(Stored items)
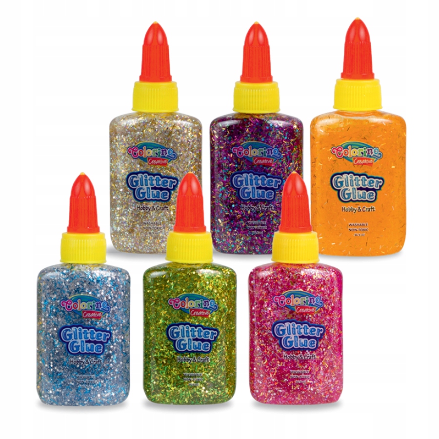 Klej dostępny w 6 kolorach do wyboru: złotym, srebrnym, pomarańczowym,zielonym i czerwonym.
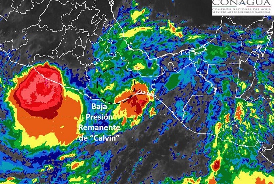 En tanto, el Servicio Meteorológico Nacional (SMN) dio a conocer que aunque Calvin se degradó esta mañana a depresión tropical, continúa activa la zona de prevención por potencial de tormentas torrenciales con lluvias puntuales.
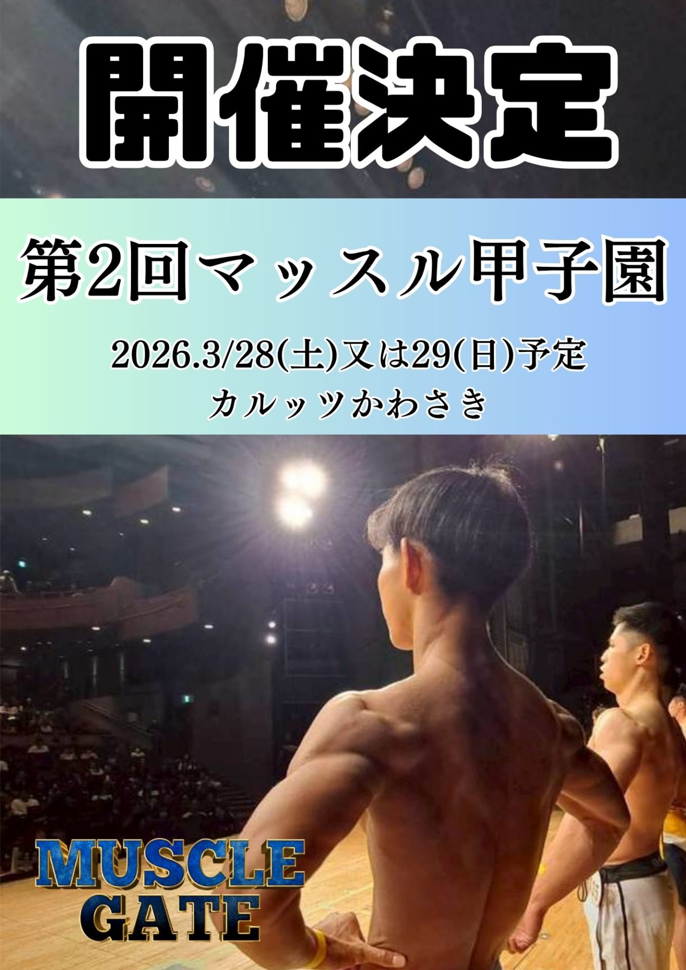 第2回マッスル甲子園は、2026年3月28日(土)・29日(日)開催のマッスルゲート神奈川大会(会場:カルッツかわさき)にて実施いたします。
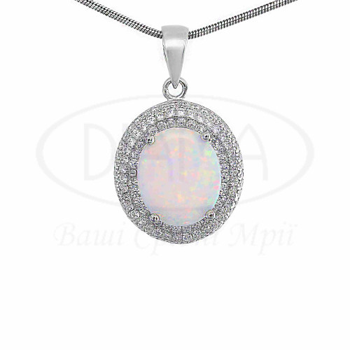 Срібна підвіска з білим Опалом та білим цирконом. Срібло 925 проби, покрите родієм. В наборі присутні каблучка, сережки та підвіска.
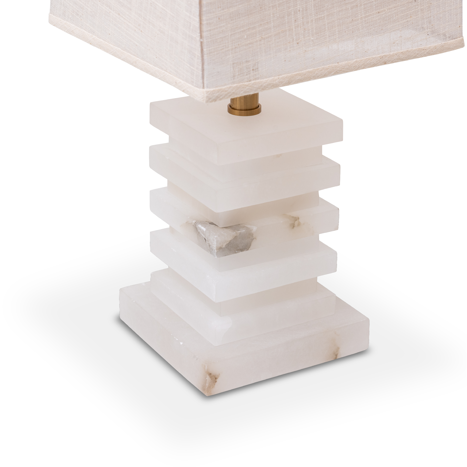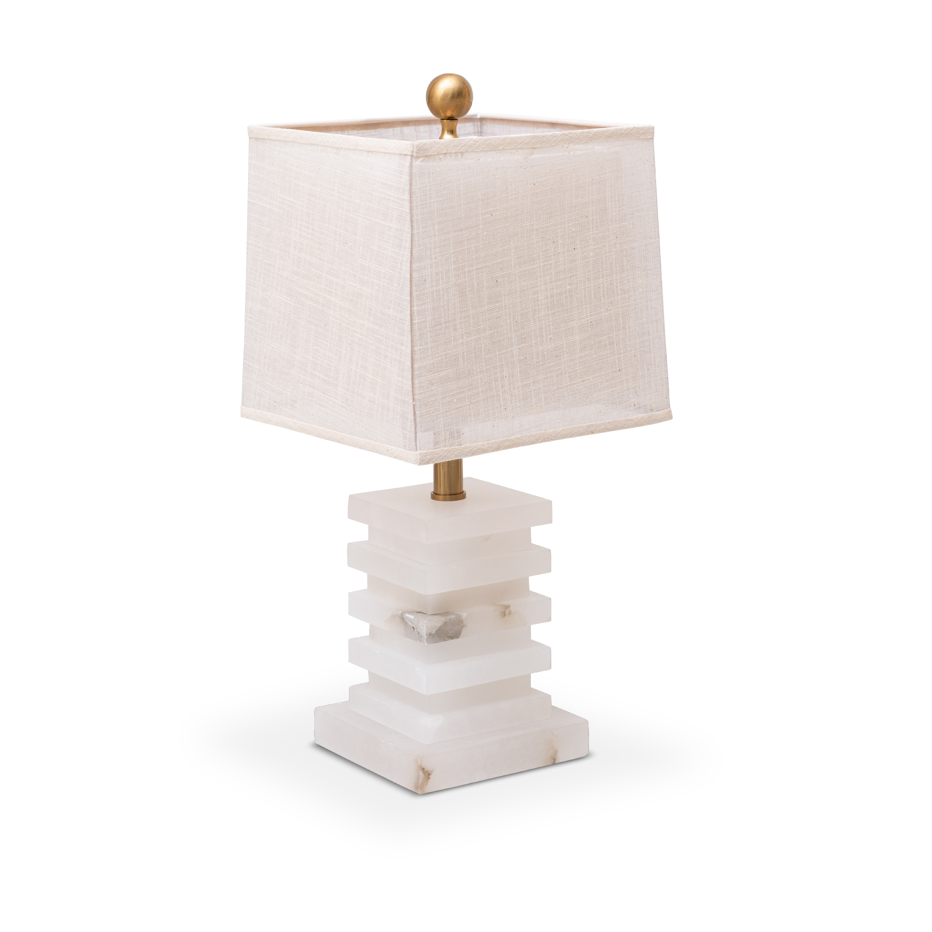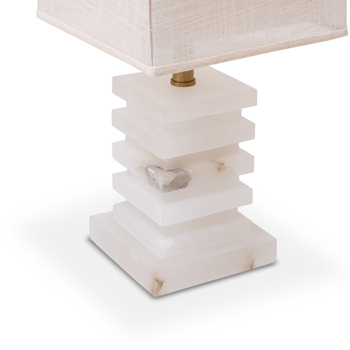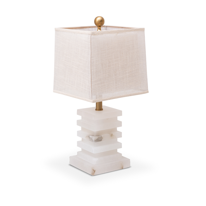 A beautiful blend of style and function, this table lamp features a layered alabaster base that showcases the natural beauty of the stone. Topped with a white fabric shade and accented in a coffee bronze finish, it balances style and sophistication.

### Task
Except for the pictures, print the data above exactly.

### Solution for this exercise
 Klej dostępny w 6 kolorach do wyboru: złotym, srebrnym, pomarańczowym,zielonym i czerwonym.
 En tanto, el Servicio Meteorológico Nacional (SMN) dio a conocer que aunque Calvin se degradó esta mañana a depresión tropical, continúa activa la zona de prevención por potencial de tormentas torrenciales con lluvias puntuales.
 第2回マッスル甲子園は、2026年3月28日(土)・29日(日)開催のマッスルゲート神奈川大会(会場:カルッツかわさき)にて実施いたします。
 Срібна підвіска з білим Опалом та білим цирконом. Срібло 925 проби, покрите родієм. В наборі присутні каблучка, сережки та підвіска.
 A beautiful blend of style and function, this table lamp features a layered alabaster base that showcases the natural beauty of the stone. Topped with a white fabric shade and accented in a coffee bronze finish, it balances style and sophistication.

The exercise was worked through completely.